The implication of linguistic bases in deductive reasoning, in the generation of errors, is something well known and highlighted by various authors, especially Chomsky in his transformational grammar, when he deals with ambiguous phrases and their capacity to generate errors of interpretation. I believe that the subject is so important as to make a monographic article. I hope to fulfill this promise later.
Decision making and the visual system
We have already seen how vision models that go from top to bottom, like those proposed by the Gestalt researchers, would have a certain similarity with the deductive models.
The information that we store in the long-term memory, the construct that is generated by experience, the mental representation of the objects that we keep, exercises the function of "guide" on the new information that is entering at every moment.

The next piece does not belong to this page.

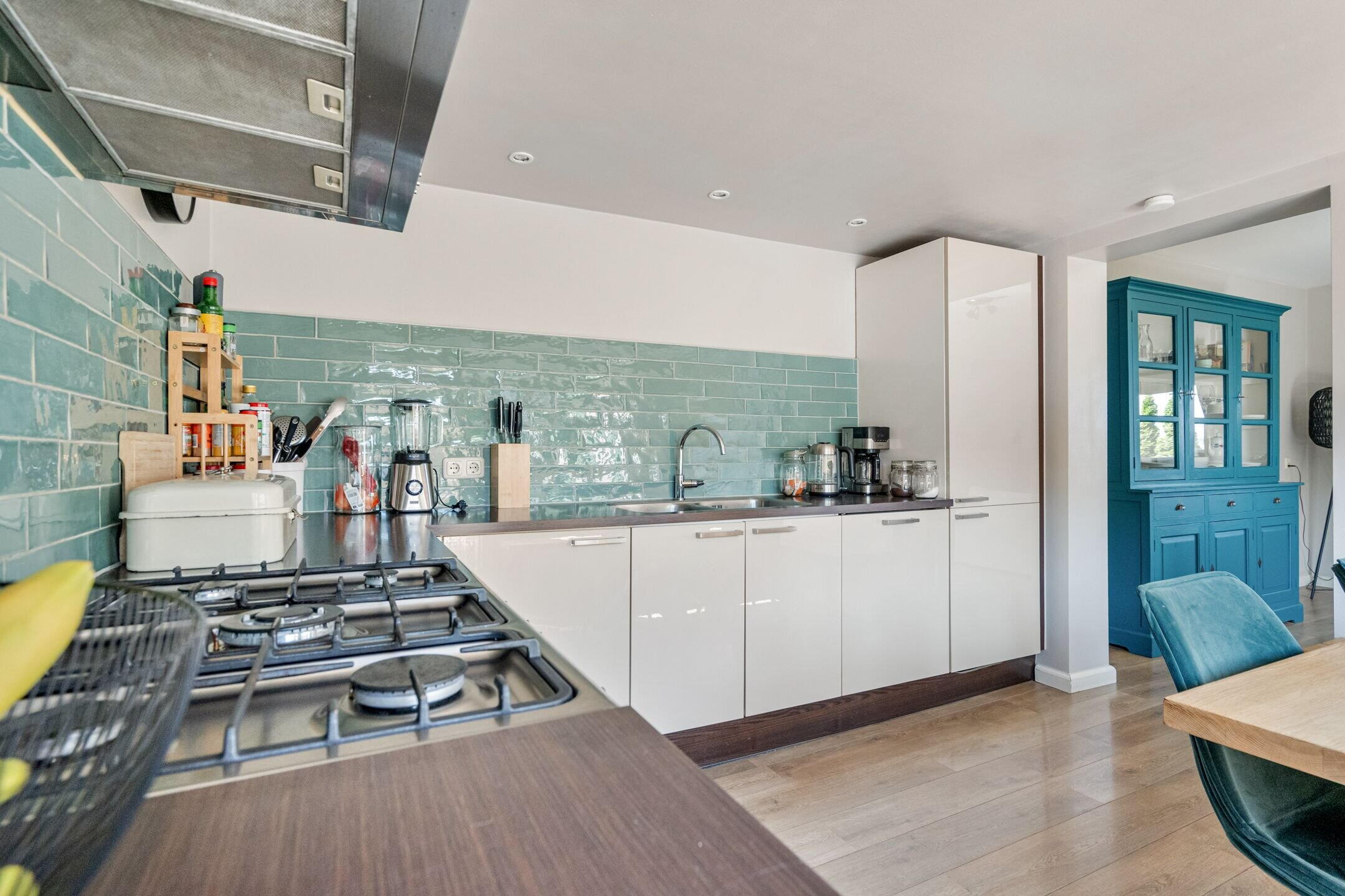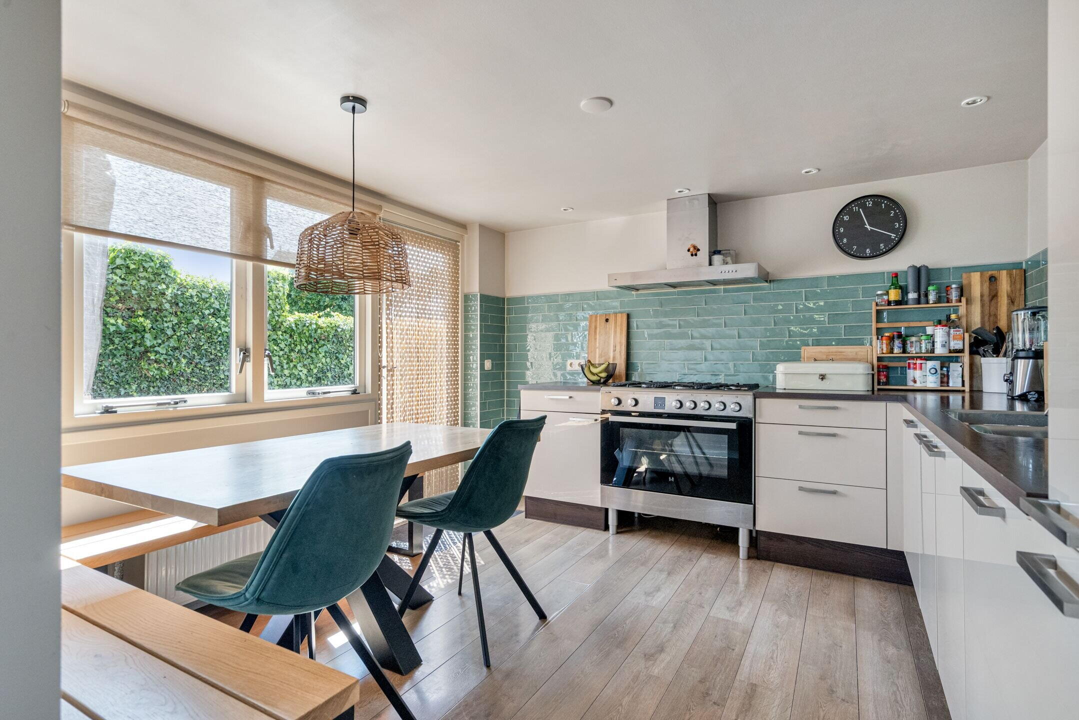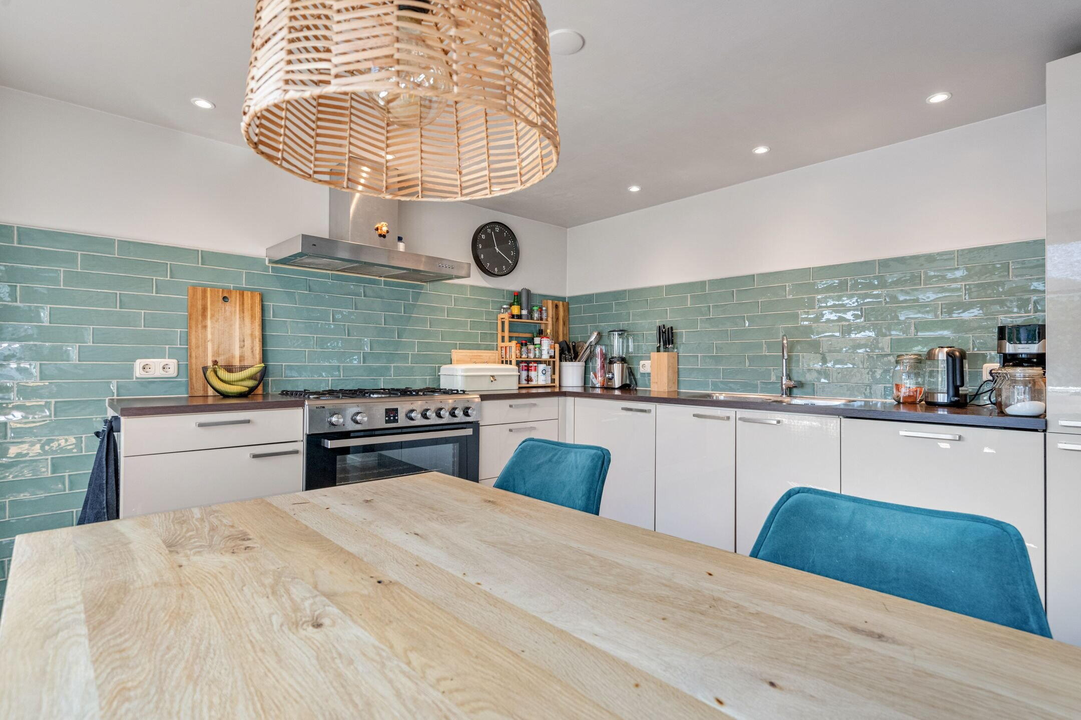 Aan de achterzijde is de woning uitgebouwd met een moderne woonkeuken in hoekopstelling. De keuken is uitgerust met een vrijstaand 5-pits fornuis met oven en diverse inbouwapparatuur, waaronder een vaatwasser, koelkast, vriezer en wasemkap. Er is veel opbergruimte en voldoende plaats voor een gezellige eethoek. Via de achterdeur in de keuken is de tuin bereikbaar.

The internal representational model helps identify the objects that appear in front of us. The filtering of data, edges, colors and forms, supposes a great information that must be integrated to identify the objects and in that process of constitution, of categorization, the internal representations mark the grouping rules to "deduce" from which objects it is.
This mechanism of top-down vision is fundamental because it requires much less energy and allows an identification of objects much faster, almost automatically. We see the importance in examples of daily life as is the case of proposing an overtaking car, we identify the vehicles that circulate in both directions, we calculate the trajectories, the distances and the time that we need to advance, almost immediately, what it means to gain in efficiency and security.
Once we have seen the mental mechanisms that we use in decision making and problem solving, we are already in a position to address the mental processes that lead to action, especially with the help of the visual system, something that we will develop in the next chapter.